Une fois installée et sa place bien délimitée, elle commanda un verre. Puis un second. Ce ne fut qu’après le quatrième qu’elle sentit enfin les muscles de tout son corps et son esprit se détendre légèrement. Un demi-sourire s’étira sur ses lèvres alors qu’elle faisait tinter ses ongles sur son verre. Ce soir, serait une bonne soirée, elle en fût convaincue. Mais pas très longtemps.
Tranquillement, j’recommencé à boire rassemblant mon courage. Le problème de l’alcool, c’est que c’est à double tranchant. Quand t’es pas assez bourrer, t’a envie d’parler aux gens. Mais, beh t’ose pas hein normal. Surtout que la nana au fond montrer clairement qu’elle avait pas envie d’parler. Mais j’avais envie d’essayer. Un défi comme un autre. Pis ça avait l’air drôle. Faire sourire quelqu’un avec cette tête la ça avait pas d’prix.
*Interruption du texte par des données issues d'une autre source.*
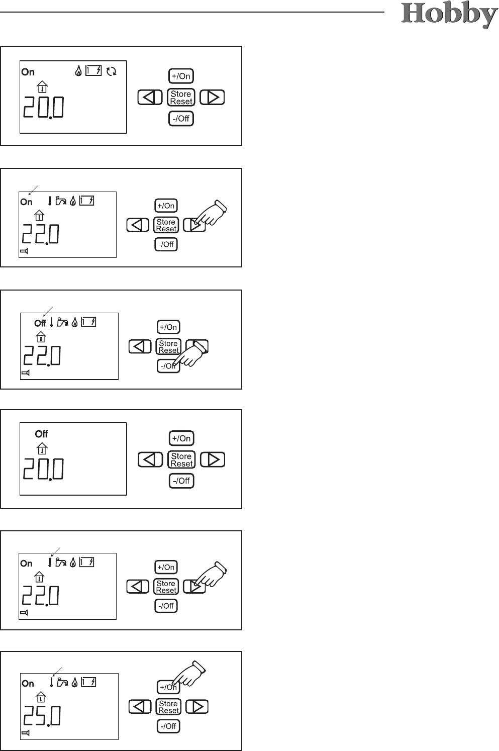 Drücken Sie den Knopf mit dem Pfeil bis „On”
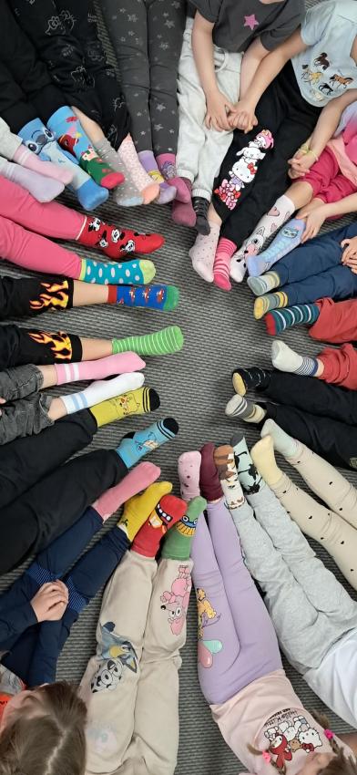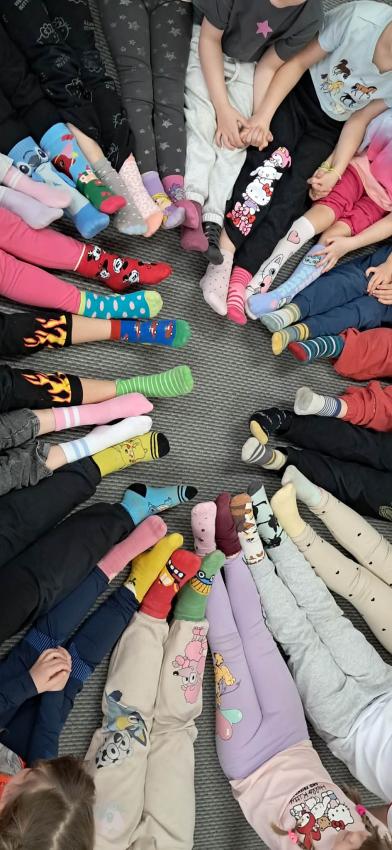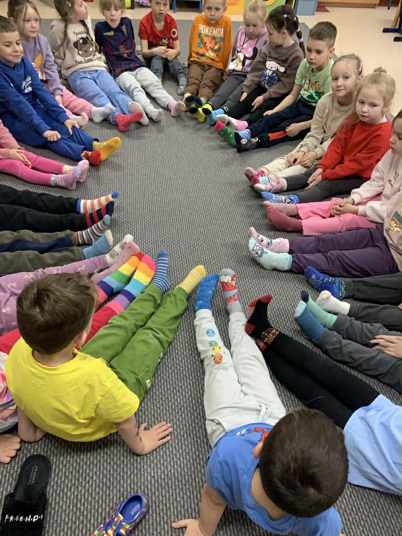 21 marca to wyjątkowa data – Światowy Dzień Osób z Zespołem Downa. Tego dnia ludzie na całym świecie zakładają kolorowe skarpetki, by symbolicznie wyrazić solidarność z osobami z trisomią 21. To święto różnorodności, akceptacji i edukacji społecznej. Data 21 marca nie jest przypadkowa – nawiązuje do dodatkowego, trzeciego chromosomu w 21. parze, który powoduje zespół Downa. Kolorowe skarpetki stały się globalnym symbolem tego dnia. Ich różnorodne wzory i odcienie podkreślają, że każdy z nas jest wyjątkowy. W tym roku obchody tego dnia przypadły na piątek 20 marca. W przedszkolnych grupach odbyły się przeróżne zabawy integracyjne, zajęcia edukacyjne wyjaśniające znaczenia święta oraz zabawy plastyczne. O 9:00 wszystkie grupy z przedszkola przy ul. Waryńskiego wybrały się na stadion, aby wziąć udział w III Biegu Kolorowych Skarpetek. Na stadionie na dzieci czekało wiele atrakcji, natomiast główną był bieg w poszczególnych kategoriach oczywiscie w KOLOROWYCH SKARPETKACH. Przedszkolaki z zaangażowaniem wzięły udział w biegu, a koledzy i koleżanki z najmłodszych grup gorąco im kibicowały. Wszyscy uczestnicy biegu otrzymali pamiątkowe medale. Z pewnością udział w tego rodzaju inicjatywach zwiększa świadomości na temat życia osób z Zespołem Downa. Przyczynia się do promowania integracji, solidarności z osobami z Trisomią 21 oraz walką z dyskryminacją osób niepełnosprawnych.

Je terminais ma dernière pinte d’une traite avant de refaire le chemin. Putain, ça taper. À quelques mètres de la jeune femme, je trébuchais. Partant en avant, je tombais sur elle l’attrapant dans mes bras.
- Câaaaliiinnnn !!!
Quoi ? Comment ça j’suis bourré. On s’en fou de ça. Un câlin, c’la vie. Pis ça fait sourire les plus fermés. Fin dans ma théorie de bourrer hein. Ça peut tout changer. Mais ça j’m'en foutais.
- Pauvre cloporte ! Ôte tes vieilles paluches ! s’écria-t-elle de sa voix la plus aigu, envoyant valser au passage l’indésirable et obligeant les tables alentour à leur accorder encore plus d’attention qu’elles n’en recevaient déjà. - Vous mettrez ça sur sa note ! Dit-elle ensuite dans un sifflement menaçant à l’attention du barman dont la bouche formait un o surpris. Toujours en ignorant la gueuse qui avait eu l’audace de lui sauter à la figure, la blonde récupéra sa chaise et s’y installa puis elle daigna enfin se retourner. Le coude posé sur le bar, le menton dans sa main, un rictus vint étirer légèrement ses traits. Moqueur et narquois son regard glissa comme de l’eau sur son vis-à-vis. Il lui sembla voir une enfant, saoule qui plus est. Elle leva l’index, intimant au barman de lui servir un nouveau verre et il valait mieux le faire rapidement. Si ses nerfs n’avaient pas encore lâché, ce n’était pas dit que cela n’arrive pas. Et si cela arrivait le mieux était de ne pas être dans les parages.
- Qu’est-ce qu'une gamine dans ton genre fait ici ? Elle arqua un sourcil. - Tu n’es même pas capable de te tenir convenablement, c’est déplorable. Sans quitter des yeux la prolo, elle attrapa le verre que venait de déposer l’homme et se remit à faire tinter le verre avec ses ongles, attendant impatiemment une réponse.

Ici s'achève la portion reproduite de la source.